Historically, lab automation tools like Hamilton liquid handlers and Chemspeed synthesis platforms were optimized for specific high-throughput tasks, not end-to-end workflow integration. Most labs still require significant human intervention to transfer materials between instruments and interpret results. Natural language interfaces for robot control could change this. Scientists without robotics backgrounds could run, monitor, and iterate on experiments remotely. Vision-native systems can now autonomously read microscopy images of cells and feed structured data directly back into model pipelines.

Companies that close the loop between computational prediction and experimental feedback will compound their biological learning far faster than competitors relying on traditional CRO timelines.
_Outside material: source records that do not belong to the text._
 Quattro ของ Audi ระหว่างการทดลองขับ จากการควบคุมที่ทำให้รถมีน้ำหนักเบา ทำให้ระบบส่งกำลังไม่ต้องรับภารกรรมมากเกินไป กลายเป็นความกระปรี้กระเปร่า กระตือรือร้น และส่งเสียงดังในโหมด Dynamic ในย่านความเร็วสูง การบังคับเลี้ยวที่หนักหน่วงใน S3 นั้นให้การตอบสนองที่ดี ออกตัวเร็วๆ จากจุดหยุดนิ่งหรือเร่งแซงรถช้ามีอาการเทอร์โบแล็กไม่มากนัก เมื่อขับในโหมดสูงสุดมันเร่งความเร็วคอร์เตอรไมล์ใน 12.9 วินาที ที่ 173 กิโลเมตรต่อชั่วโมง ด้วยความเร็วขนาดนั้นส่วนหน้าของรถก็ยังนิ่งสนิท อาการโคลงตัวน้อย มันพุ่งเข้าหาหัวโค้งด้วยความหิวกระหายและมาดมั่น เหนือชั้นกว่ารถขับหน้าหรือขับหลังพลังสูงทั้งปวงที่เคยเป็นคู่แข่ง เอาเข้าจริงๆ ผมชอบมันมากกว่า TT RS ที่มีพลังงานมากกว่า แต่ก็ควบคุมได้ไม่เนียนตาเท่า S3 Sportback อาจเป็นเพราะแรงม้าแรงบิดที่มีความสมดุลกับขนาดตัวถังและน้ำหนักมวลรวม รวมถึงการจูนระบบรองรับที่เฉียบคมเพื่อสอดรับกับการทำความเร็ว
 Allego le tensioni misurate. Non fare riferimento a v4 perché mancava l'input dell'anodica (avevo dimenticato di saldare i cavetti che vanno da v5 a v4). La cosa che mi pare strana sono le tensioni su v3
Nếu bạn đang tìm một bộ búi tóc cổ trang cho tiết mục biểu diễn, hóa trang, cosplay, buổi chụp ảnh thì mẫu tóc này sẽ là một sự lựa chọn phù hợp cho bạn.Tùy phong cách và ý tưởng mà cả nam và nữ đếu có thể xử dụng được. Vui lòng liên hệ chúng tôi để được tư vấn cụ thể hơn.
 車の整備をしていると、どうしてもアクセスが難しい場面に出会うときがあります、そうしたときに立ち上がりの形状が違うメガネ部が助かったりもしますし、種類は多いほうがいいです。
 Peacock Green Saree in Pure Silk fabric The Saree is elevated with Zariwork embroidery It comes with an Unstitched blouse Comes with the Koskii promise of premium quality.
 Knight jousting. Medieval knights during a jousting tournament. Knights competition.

Companies leading closed-loop automation include:

Medra — an instrument-agnostic robotics platform for general-purpose lab interaction
Automata — modular hardware and software connecting instruments into end-to-end automated workflows
Dash Bio — a faster, more automated CRO model
Lila Sciences — a fully automated lab for end-to-end drug discovery and development

Life Sciences Will Run on AI

The three principles of biology-native data infrastructure are not independent. They reinforce each other. Better data trains better models. Better models guide faster experiments. Faster experiments generate better data. Together, this flywheel defines how the next generation of leading life science companies will be built.

Companies that generate biology-native data at scale, deploy agentic AI across their full R&D stack, and adopt closed-loop lab automation will ultimately compress drug development timelines, reduce clinical failure rates, and deliver on AI’s long-standing promise for human health.